Testowaną nerkę kupiłem w maju 2008 na maratonie w Krakowie [relacja]. Zwiedzając stoiska ze sprzętem biegowym wypatrzyłem ów pas na bidon i niewiele myśląc kupiłem. Wyboru wielkiego nie było a czegoś takiego właśnie potrzebowałem. Zapłaciłem około 60 złotych. Wiedziałem, że nie powinno się biegać na zawodach z czymś, czego się wcześniej nie sprawdziło, ale zaryzykowałem i zabrałem swój świeży nabytek na trasę. Wrażenia okazały się pozytywne, ale zanim do nich przejdę jeszcze kilka słów opisu.

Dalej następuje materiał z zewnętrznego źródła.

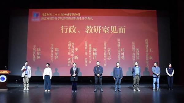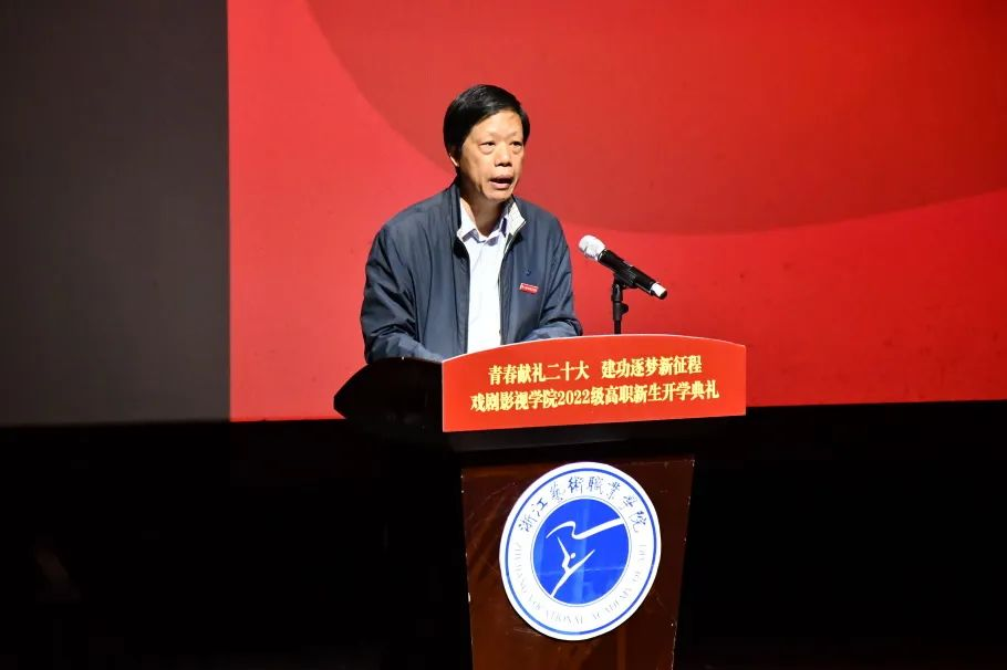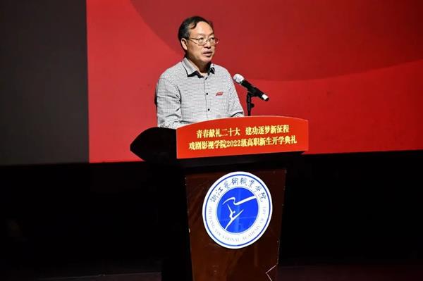 10月20日,戲劇影視學(xué)院2022級新生開學(xué)典禮在浙江藝術(shù)實驗劇場舉行。浙江藝術(shù)職業(yè)學(xué)院黨委委員、紀(jì)委書記徐芳,戲劇影視學(xué)院黨總支書記彭云波,副院長(主持工作)那剛,常務(wù)副院長鄭怡文,院長助理徐旭恒,辦公室主任鄭涵容,各專業(yè)教研室主任,行政教輔老師和全體新生班主任出參加典禮。開學(xué)典禮由學(xué)院黨總支專職副書記許瑛主持。
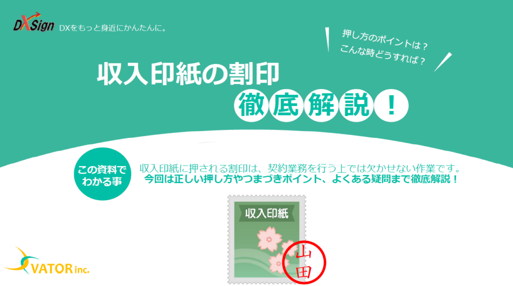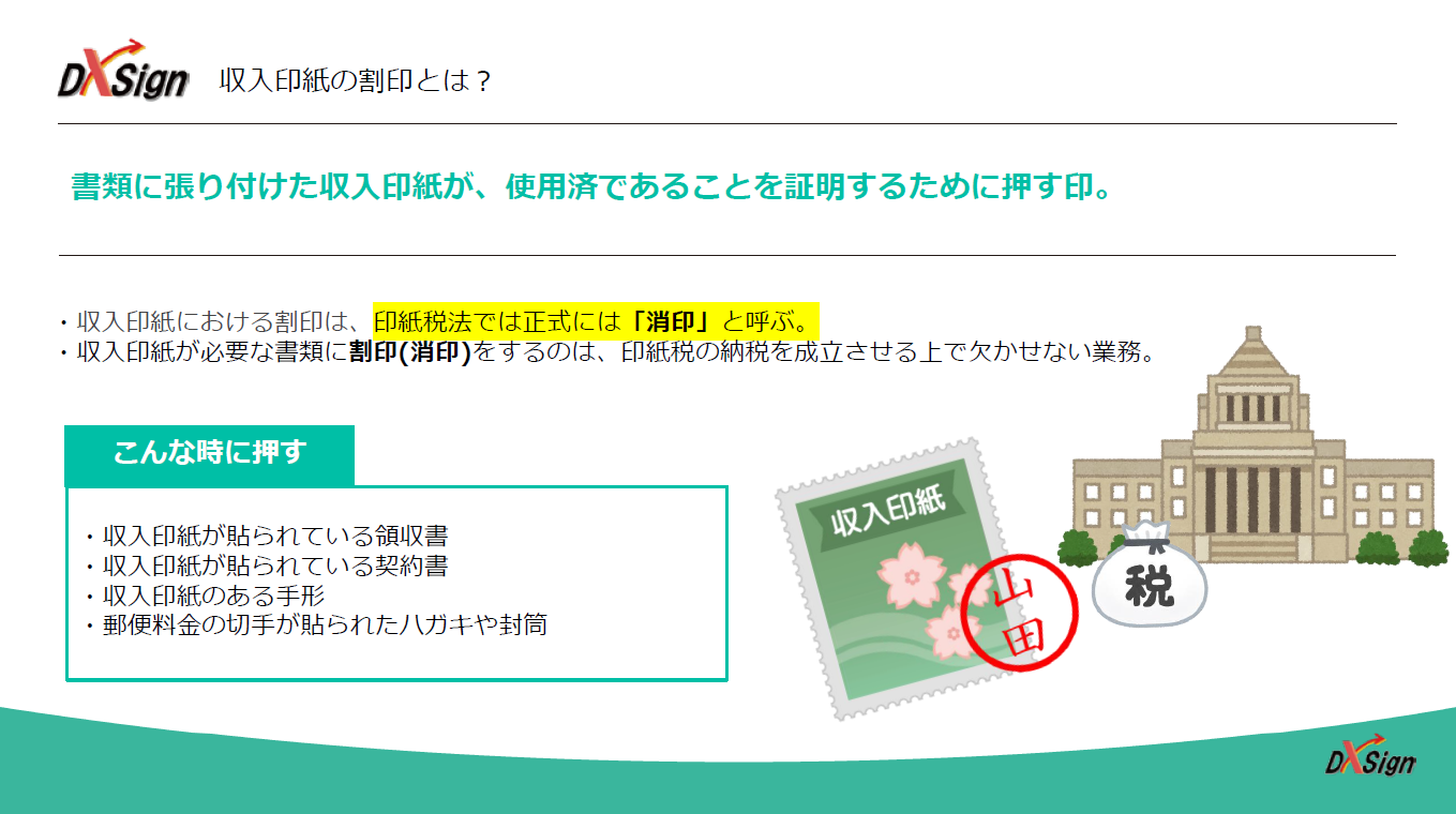 収入印紙の割印について、正しい押し方やつまづきポイントを分かりやすくご紹介しております。
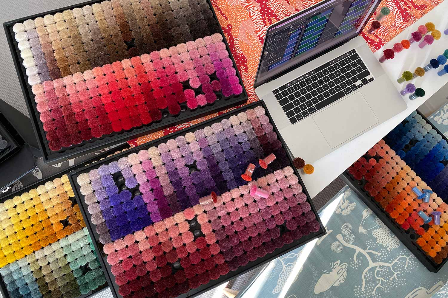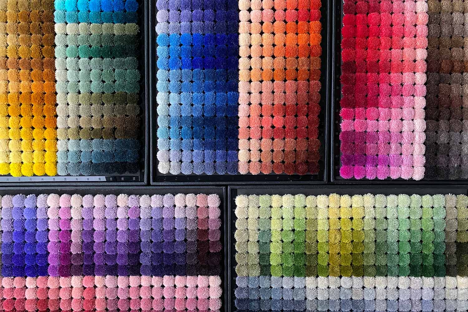 Looking to tweak colours or create a brand new colourway? It’s all possible. We can create custom rugs colour matched to any materials in your scheme including paint colours, fabric samples, artwork or pantone shades. We will create digital mock-ups to help you visualise different options and can work remotely over email or video call to pick from our palette of 1400 wool poms.
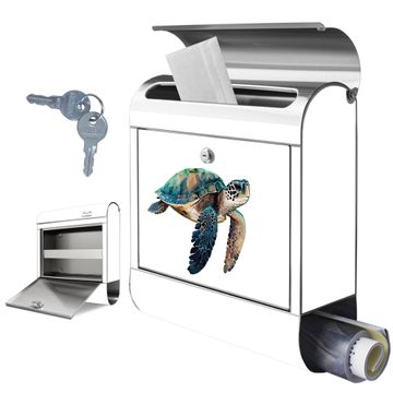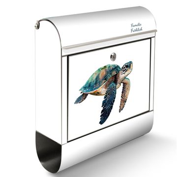 Wandbriefkasten Edelstahl Motiv Meeresschildkröte Aquarell

Pas na bidon produkowany jest w Chinach i sprzedawany przez firmę New Balance. Stosuje ona różne skomplikowane oznaczenia swoich produktów i tak naprawdę nie wiem czy moja nerka to model WPK 1062LG (tak by wynikało ze zdjęcia w „Runner’s World”, nr 3, 2008, s. 31. Opis nie pasuje jednak do modelu ze zdjęcia) czy też model WPK 736LG tylko w innej kolorystyce. Nie jest to jednak ważne. Kolor czarno – szaro – pomarańczowy jest w moim guście i pasuje do koloru bloga. Materiał, z którego wykonano nerkę to 100 % poliester. Główna część składa się z nieregularnej „plamy” długości ok. 35 cm, za której naszyte są dwa podstawowe elementy: kieszeń na bidon oraz kieszonka na drobiazgi. Kieszeń mieszcząca półlitrową butelkę wyłożona jest wewnątrz jakimś srebrnym materiałem (przypuszczalnie ma zapewnić izolację termiczną płynu w bidonie). W górnej części zawiera niewielki ściągacz dodatkowo przytrzymujący bidon. Kieszonka na drobiazgi wykonana jest z czarnego, siatkowanego, lekko sprężystego materiału. Zapinana jest w górnej części na suwak. Ma wymiary ok. 12,5 x 11 centymetrów. Wewnątrz można zmieścić klucze (by ich nie zgubić można użyć dodatkowego spinacza wewnątrz kieszonki), telefon komórkowy lub małą przekąskę. Cała główna cześć nerki obszyta jest dodatkowo wzmocnieniem i posiada od wewnątrz (czyli od strony przylegania do ciała) miękką, przewiewną wyściółkę mającą zabezpieczać przed obtarciami i zwiększać komfort. Nerkę mocujemy za pomocą czarnego, regulowanego paska szerokości 2,5 cm. Jego tylna cześć wykonana jest z rozciągliwej gumy, przez co całość wygodniej trzyma się na biodrach. W skład zestawu wchodzi firmowy bidon o pojemności 450 ml. Wykonany jest z białego plastiku, ma czarną nakrętkę z dozownikiem. Nie wiem ile waży cały zestaw, ale wydaje się, że niewiele.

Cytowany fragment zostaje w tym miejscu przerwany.